I've caught the bug to learn functional programming for real.
From what I've heard, SICP is about a lot more than just functional programming.
Caveat: I have not read the whole book
Since the examples rely on closures and continuations, you would be better served by using a language with both of those features, otherwise you would need to implement them yourself.
For example, writing a metacircular evaluator in Scheme leverages the fact that Scheme provides closures and continuations.
I used lua when I had a look at sicp
works out pretty well
Use anything but scheme.
While using something else then scheme, you will be encouraged to think more, and avoid temptation to just retype the examples. It is a good thing.
Of course, it has to be similar enough, in lisp-1 sense, so clojure and arc are good to go.
I have used scheme for my self-study. The best way to learn from SICP is to do all the exercises relegiously.
I have used Gnu guile for scheme.
While you could use something other than Scheme, you'd be needlessly adding extra work and possibly cutting yourself off from fully understanding what the book is about. SICP was an introductory programming book. It is a stepping stone to deeper topics in computer science. Getting bogged down in 'translating' from Scheme to CL or Clojure would probably obscure the finer points. That would be a shame, because SICP is truly a gateway to understanding what programming is really about.
Learning Scheme is really straight forward (especially compared to both CL and Clojure) and, in fact, the introductory course as well as the book, assumes the student doesn't know it already. CL and Clojure carry considerable baggage relative to the task at hand.
I hear of others who have used Common Lisp and Clojure.
You should use whatever language most motivates you, but 99% of folks working through SICP are going to use Scheme.
I worked through (most) of it earlier this year, and used Common Lisp, simply because I didn't have Scheme available (don't ask).
As has already been noted, Scheme is a Lisp-1 language whereas Common Lisp is a Lisp-2. There are enough differences between the languages to mean that you have think carefully about translating the code in the book, so it forced me to really get to grips with the material.
but learning a language that helps my resume is still a benefit.
You should try using VB6 or COBOL, then, as there is a lot of billing work out there for it.
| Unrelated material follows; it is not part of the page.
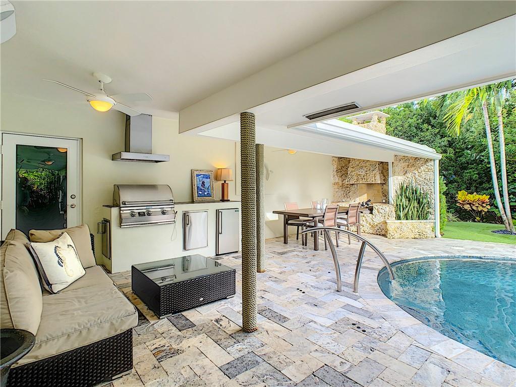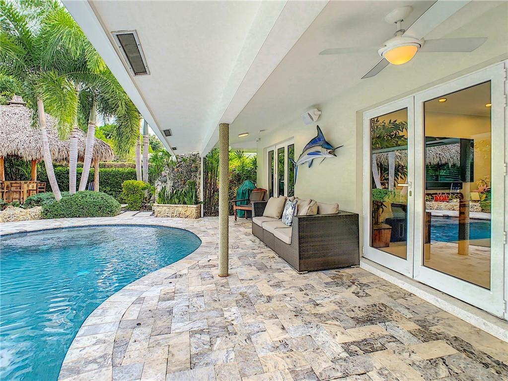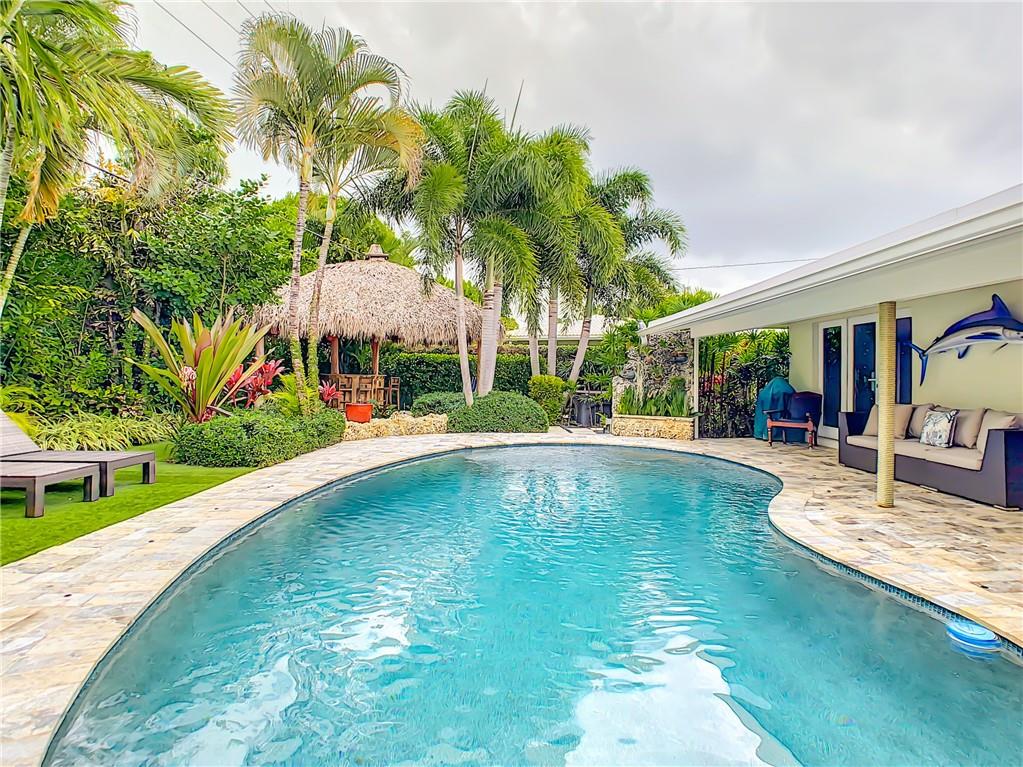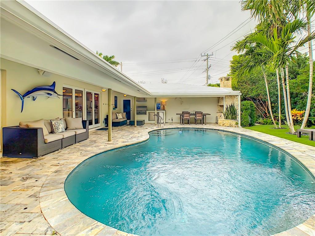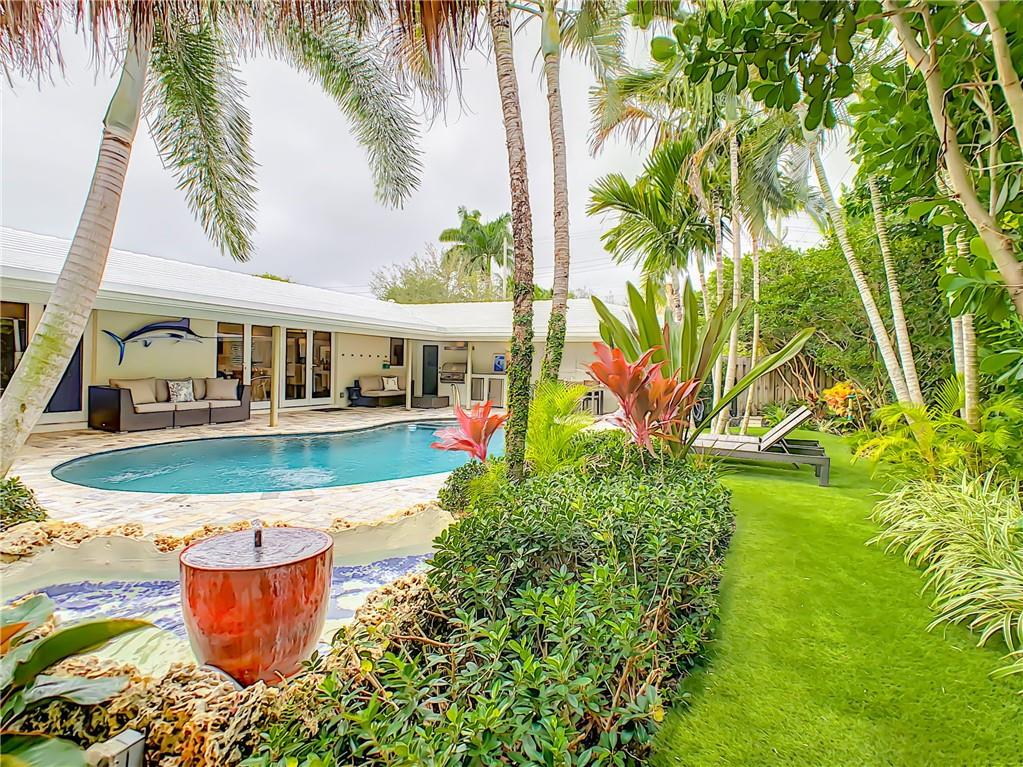 Impeccably remodeled home overlooking a luxurious pool and entertaining area. Located on a beautifully landscaped oversized corner lot on one of the best streets in Coral Ridge County Club Estates. The improvements are too many to list but include impact windows & doors, new front door, new garage door, 20KW Onan generator, Trane Variable Speed Compressor A/C, new A/C duct work, porcelain floors throughout, large master bath, stainless appliances, new washer & dryer, plantation shutters, heated saltwater pool, hot tub, tiki, upgraded electrical panel, tankless hot water heater, artificial grass in backyard, outdoor kitchen, LED lighting, outdoor fireplace, epoxy floors in garage with cabinets, pool fence, media closet, remote access exterior cameras, wifi boosters, landscape lighting...

I think Scheme would be the natural choice (since it is the "native" language of SICP)
However, since the true value of SICP comes from the concepts rather than the mechanics of the particular language, I think it would be a valuable learning exercise to attempt it in any Lisp-like language. I've personally tried some of the exercises in Clojure and they all translate pretty well.
For those interested there is an ongoing project to create a Clojure translation of SICP.

What are the benefits of functional programming? [closed]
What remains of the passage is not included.